Soobin eliyle masadaki abajura dokunurken ben de evet anlamında başımı salladım. Yatağın bitişiğindeki halıya oturdum ve onu yanıma çağırdım.
"Soobin, planımı duyduğunda kızabilirsin ama en çok senin desteğine ihtiyacım var. Zaten şu an yanımda olabilecek tek sen varsın. Eğer bana yardımcı olursan riski azaltabiliriz."
"Bekle bekle, önce planı anlat ona göre karar veririm kızıp kızmayacağıma. Hayati bir risk taşıyor mu?"
Maalesef diyerek başımı salladım. Riskliydi, hatta çok riskliydi ama tek şansım buydu. Aklıma başka bir çare gelmiyordu. Tüm planı en ince ayrıntısına kadar anlattım. Annemler duymasın diye sessiz konuşuyorduk. Soobin planımı öğrenince bağırmamak için zor tuttu ama hemen elimle ağzını kapattım. Çok kızdı ama başka bir yol olmadığını anlayınca omuzlarını düşürdü.

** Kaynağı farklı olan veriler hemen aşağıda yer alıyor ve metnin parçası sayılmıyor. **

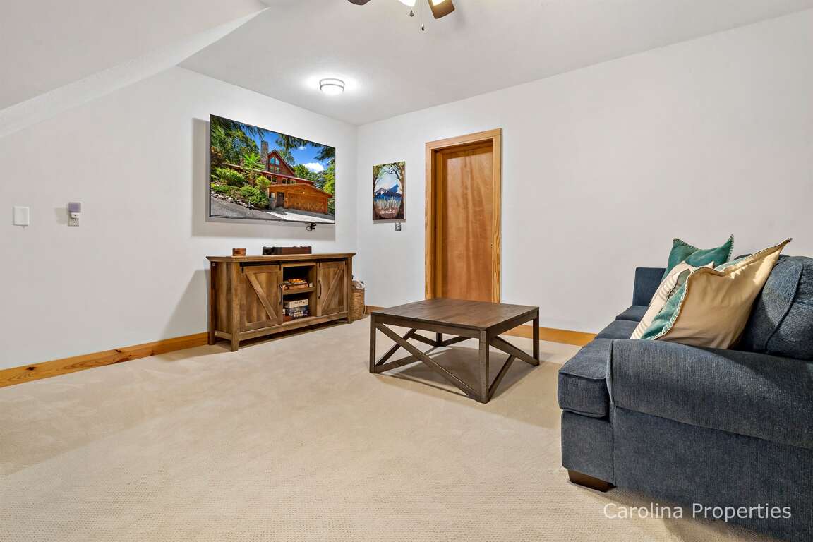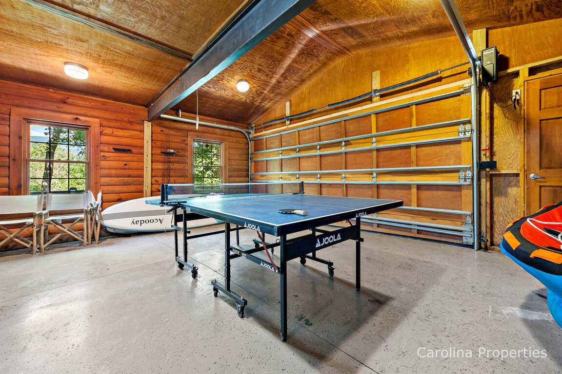 Outdoor Spaces Enter the home two steps up to the covered front porch; it overlooks the parking area and is a broad, spacious, comfortable seating area. Perfect for waiting on others in your group or relaxing with a morning or evening beverage. It’s an ideal place to curl up with a good book or magazine. Off the sunroom is an upper-level deck with a peaceful, gorgeous view, a table, and seating for four. Descend the stairs to the lower deck, where you’ll find an outdoor television and an open strolling deck for talking, walking, and enjoying the lake and mountain view. There is also a brand new hot tub. The walk to the lake is long and steep, so take a bag, cooler and supplies with you. You’ll find a gorgeous gazebo by the water, a floating dock, two paddleboards, and two kayaks.
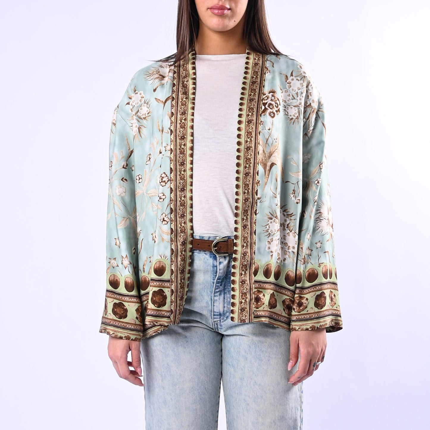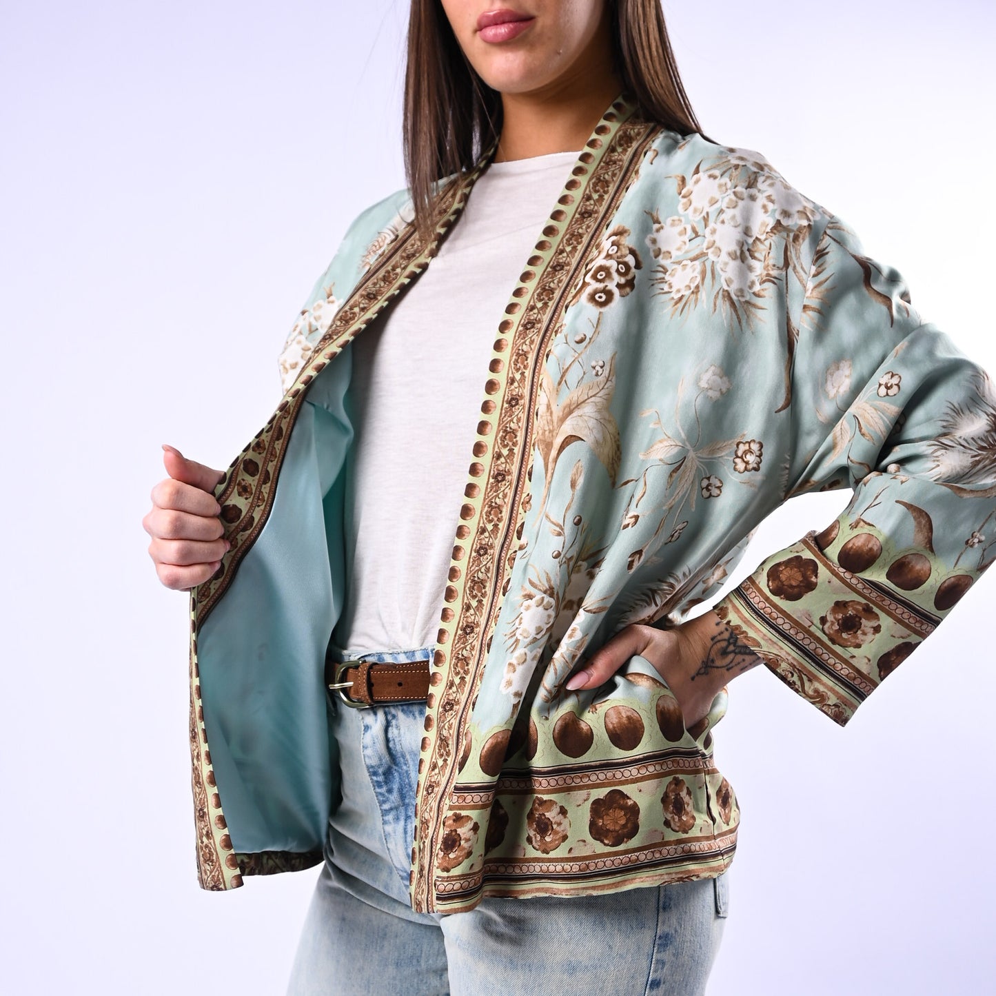 WU'SIDE - GIACCA/KIMONO FANTASIA FLOREALE ART.26296 - MENTA/BEIGE
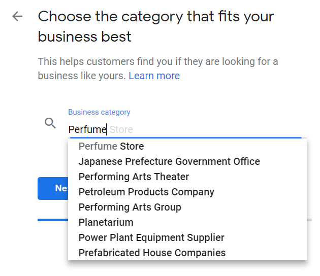 a) Set up a new Google Account: If you want to use any Google service—be it Gmail, Google Photos, Google Docs, or Google My Business—you need to have a Google account…that’s just the way it is. Fortunately getting one is free, and businesses just need to go here and click the “To manage a business” button. If you want to create a new Gmail address then your username can only contain letters, numbers, and periods, or you can choose to sign in with an existing personal or business email address. Use an email that you’ll have immediate access to, as you’ll be asked to log in and retrieve a security code. After being asked to provide a phone number, date of birth, and gender (and to agree to the ubiquitous terms and conditions), you can now start to build out your business profile and get noticed! b) Head to google.com/business: This area is your Google My Business gateway. You’ll be coming back to it regularly so take the time to save it as a bookmark, and when you’re ready click ‘Manage Now’. c) Enter your business name: If you have the same name as another business in your region, you’ll see the autocomplete function suggest those businesses for you. This is to allow you to see if your business listing already exists (to avoid accidental duplication) and to add a new GMB profile to an existing business if you’ve just opened a new location.
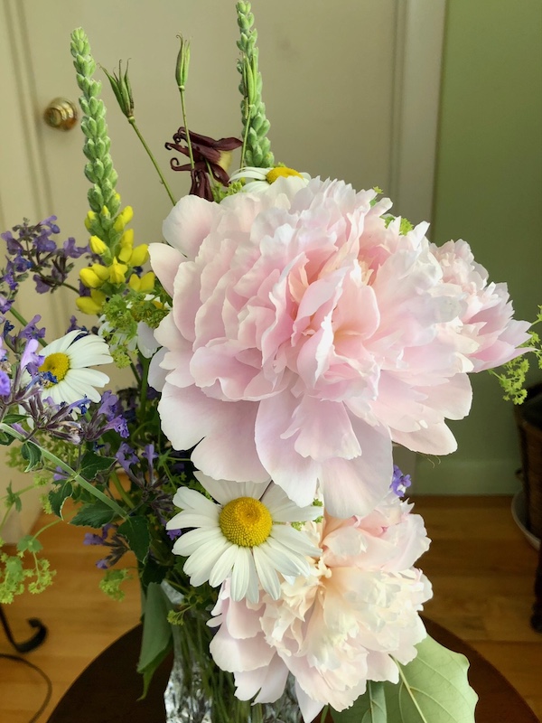 Such a shame peonies don’t last longer into the season. The ones in my area faded faster than usual, compliments of the high heat and humidity. What a lovely vase you’ve prepared though!
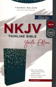 The NKJV Thinline Bible Youth Edition, featuring the trusted New King James Version, is lightweight and convenient—ideal for students on the go. Striking the perfect balance between portability and readability, this Bible fits easily into purses and backpacks, and it comes with features that will enhance your reading experience: the elegant and readable Thomas Nelson NKJV font, two ribbon markers, and the words of Christ in red. This Bible is an ideal option to have a name personally engraved.
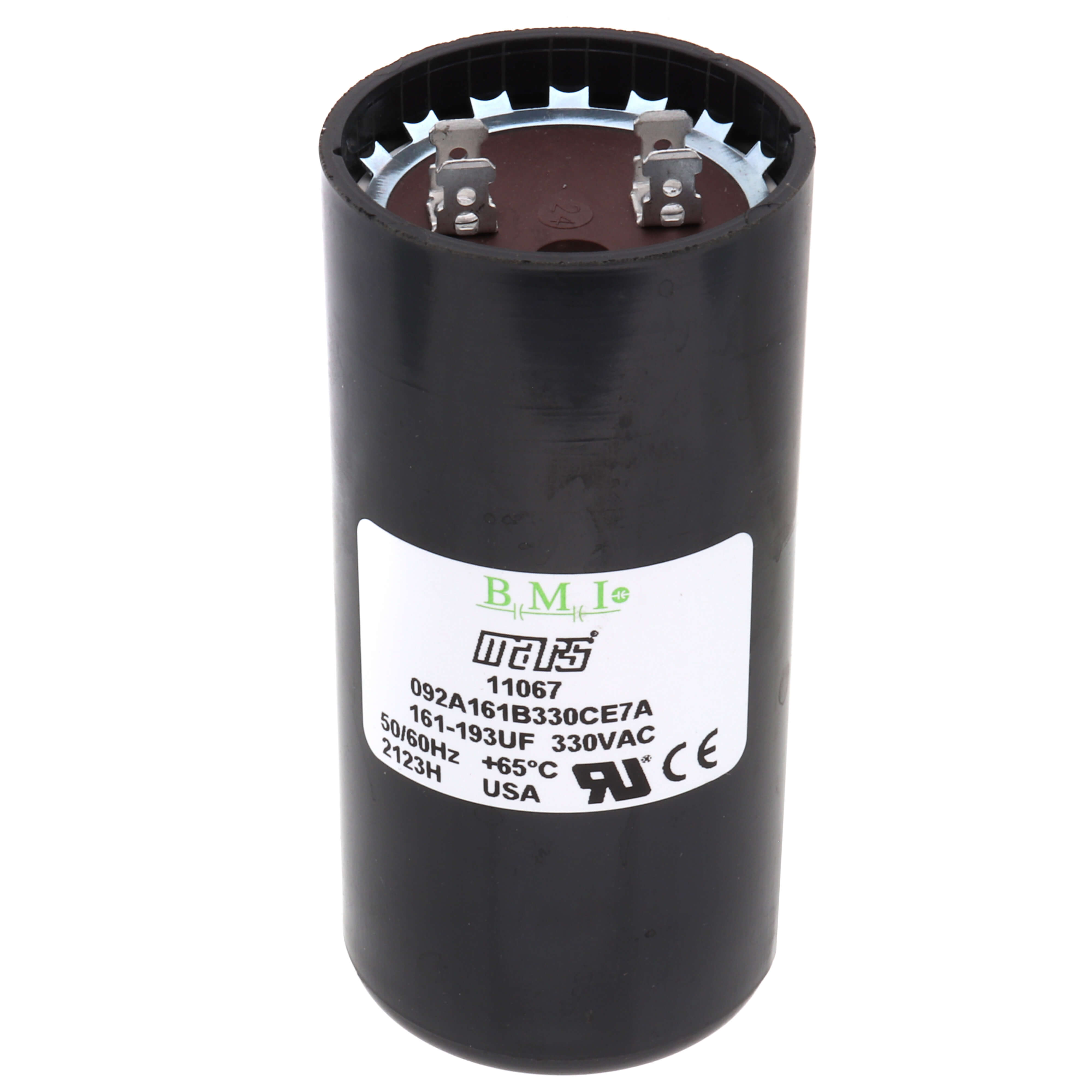 The MARS 11067 is a motor start capacitor with a capacitance of 161 to 193 microfarads and a voltage rating of 330 volts. This round capacitor is designed for use in HVAC systems, providing reliable starting performance for motor applications.
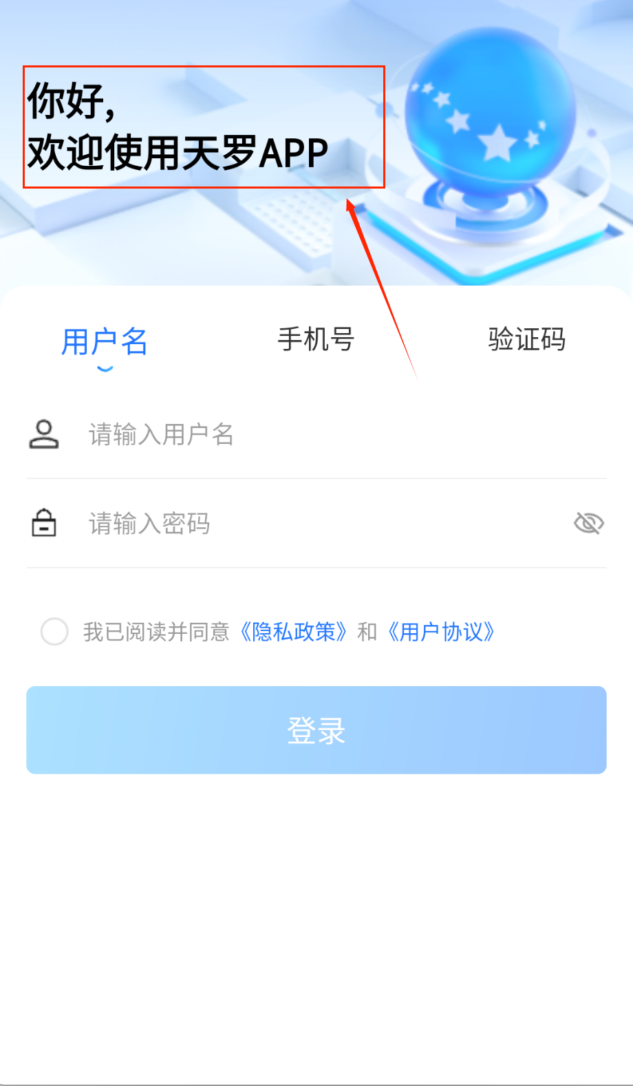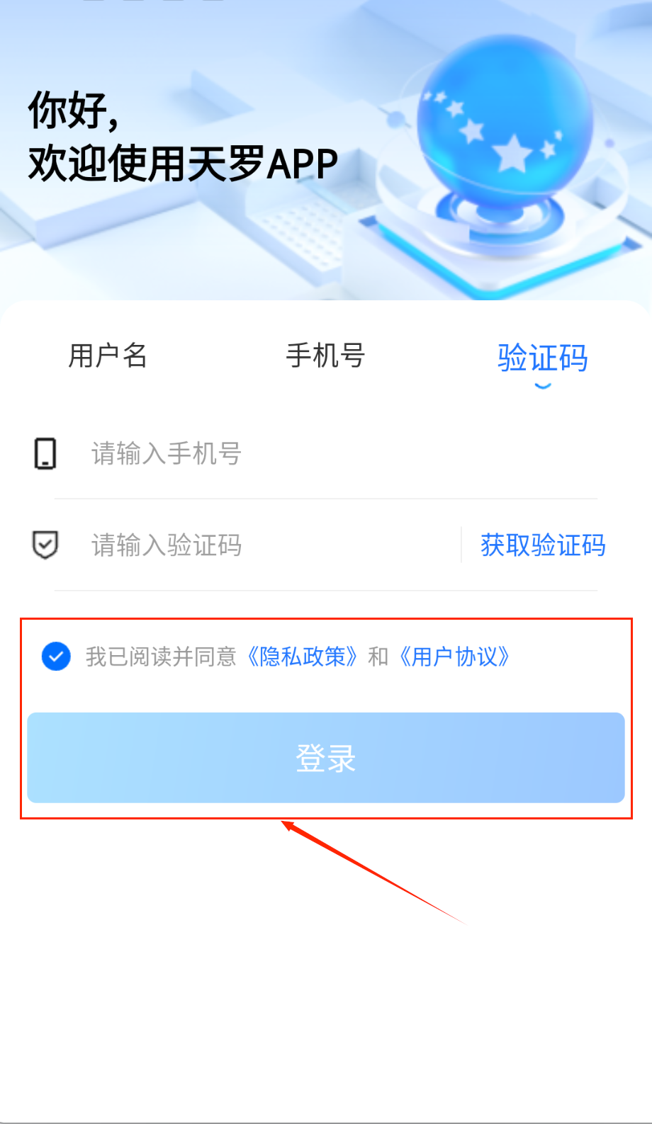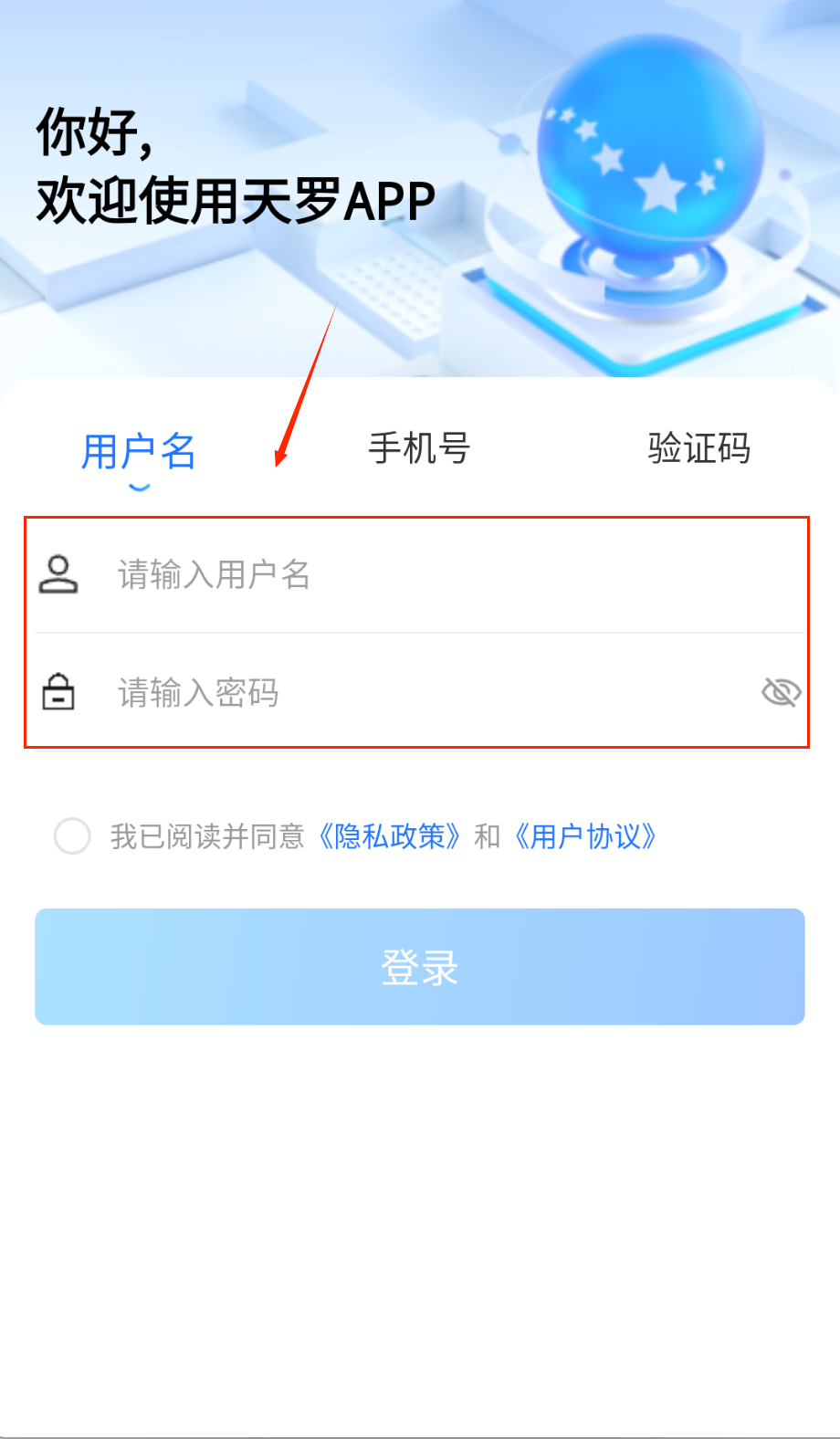 4、 勾选底部“同意用户协议和隐私政策”复选框(默认未勾选),点击蓝色“登录”按钮提交。若未勾选协议,按钮呈灰色不可点击状态。
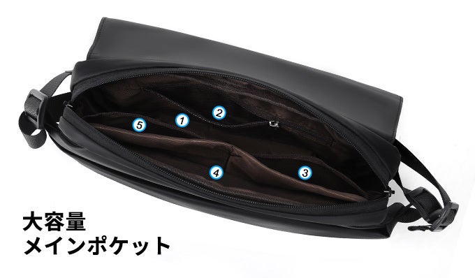 メインポケット以外にも、4つの内ポケットが付き、それぞれのポケットに小分けしてきれいに整理整頓できるので、バッグの中身が散乱しにくいです。
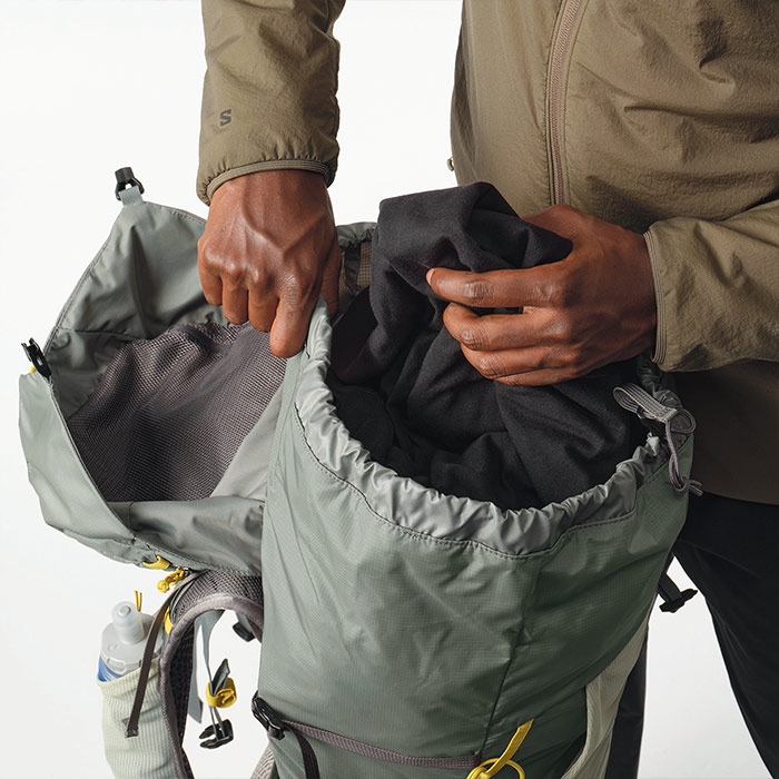Rygsækken har et polstret rygstykke og et letvægtsnet, der kun rører ryggen på ét punkt for optimal luftcirkulation. Justerbare skulder- og bryststropper samt løftestropper gør det nemt at tilpasse pasformen, mens kompressionsstropper på både top og bund hjælper med at stabilisere oppakningen. Hydrering er let med ophæng og udgang til drikkesystem, og der er plads til både bløde flasker og en 2 liters vandbeholder.
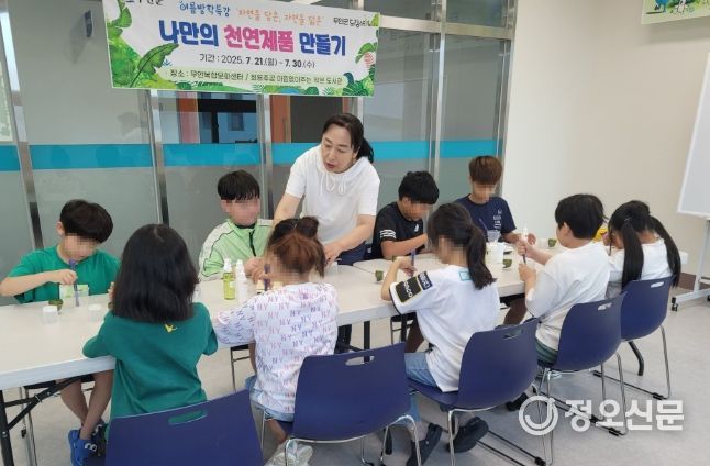 정오신문 관리자 기자 | 전남 무안군 드림스타트는 여름방학을 맞아 지난 21일부터 2주간 월요일에는 무안군 복합문화센터에서, 수요일은 남악회룡주공아파트 ‘아낌없이 주는 작은도서관’ 프로그램실에서 총 4회에 걸쳐 나만의 천연제품 만들기 프로그램을 운영했다.
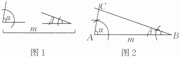 4. 如图1,已知∠α,∠β,线段m,求作△ABC。
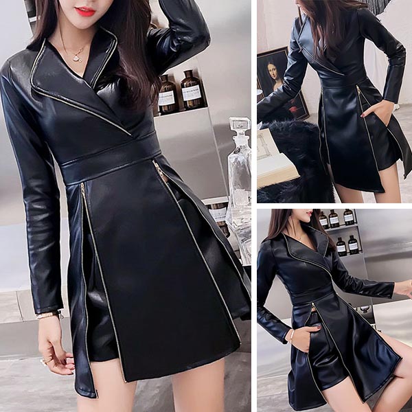 I promise this PU leather two-piece set can easily boost your entire charm. Including a long sleeve v-neck dress and a shorts,the zipper hem design will make it look more distinctive and attractive. For your weekend dating with your friends,you can choose this two-piece set to arouse their envious eyes.
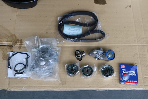 10万キロ毎にタイミングベルト交換ですが、同時交換をオススメする部品がたくさんあります。
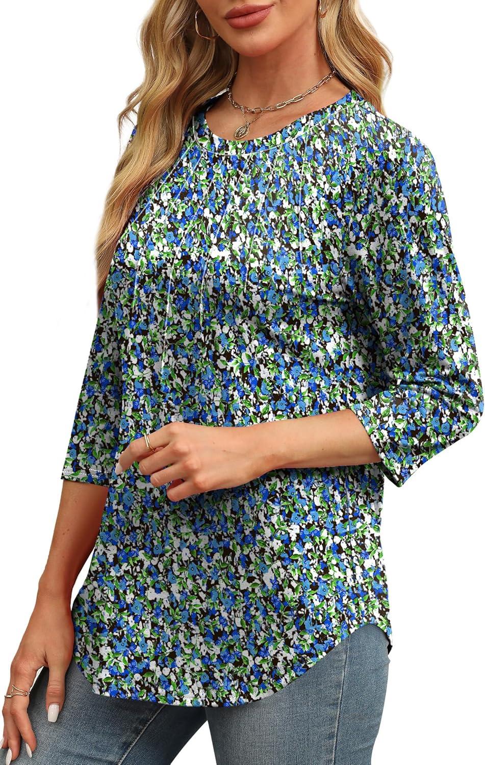 XIEERDUO 3/4 Length Sleeve Womens Tops Round Neck Casual Tunic Tops Basic Pleated Shirts Loose Fit 2025(Patterned-floral Blue)

"Beomgyu, onun ne kadar tehlikeli olduğunu biliyorsun. Bu kadar kolay bir şekilde yenileceğini mi sanıyorsun?"
"Tüm zayıflıklarınu biliyorum Soobin, bana hiçbir şey yapamayacağını da biliyorum. He onlara gelince, o kısımda risk almaktan başka çarem yok. Ama artık amacımız aynı olduğuna göre bana zarar veremezler. Özellikle o söyleyeceğim şeyden sonra."
Soobin böyle gizemli konuşmamı hiç sevmiyordu, çok tedirgin bakıyordu. Bana güvenmek istiyordu ve endişesini anlıyordum, planım ters teperse daha kötü şeyler olabilirdi ama vazgeçmeyecektim. Geri adım attığım sürece hiçbir şey değişmeyecekti bu yüzden ileri adım atmak zorundaydım.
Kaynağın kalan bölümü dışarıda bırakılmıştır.